Sunday, March 18, 2012

Peace Ambassador Training #2


What have you learned from Aqeela’s presentation about how to maintain inner peace in the face of challenges, and even conflict and wounding? 

The message I took away from Aqeela’s presentation is that storytelling, sharing experiences, and deep listening are key to building the compassion needed to not only heal but to grow as a community.  I’m very curious about this because my upbringing involved a lot of fairy stories made up by my mother which transported me to another realm of reality. But she rarely shared stories about our family, or my father or her life before me.  So this taught me that we can create the world we want to see around us, but the world that is around us doesn’t have to exist. My understanding of storytelling was fractured from a young age.  
I lived on Pine Ridge Indian Reservation for three years after graduating college as a volunteer teacher in a parochial school. I learned the value of storytelling and deep listening there too. Storytelling on the individual level opens the possibility to reconcile confusions that come from holding a story so close.  Storytelling has the power to filter our cultural experiences, values and traditions into powerful threads of collective identity.  
I studied phenomenology after I left the reservation.
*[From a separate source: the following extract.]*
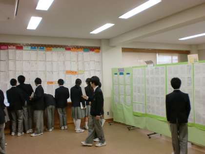 鎌倉校外学習 体験学習作品・班新聞、職場体験新聞、歴史新聞、そっくりアート、花と貝の絵、刺し子のウォールポケットが展示されています。

Phenomenology is the study of lived experiences. I believe that because we all have lived experiences together simultaneously, our individual experiences are all equally important to the collective truth of our lives together.  We all are the sum of our collective memories.  
I really appreciated this week’s discussion. I learned that once personal healing begins within, the work for a cause can be rooted in loving kindness, equanimity, compassion and peace.
 

What are you learning in your own story?
I’m learning how willing I can be to feel unworthy of love and learning how untrue that is.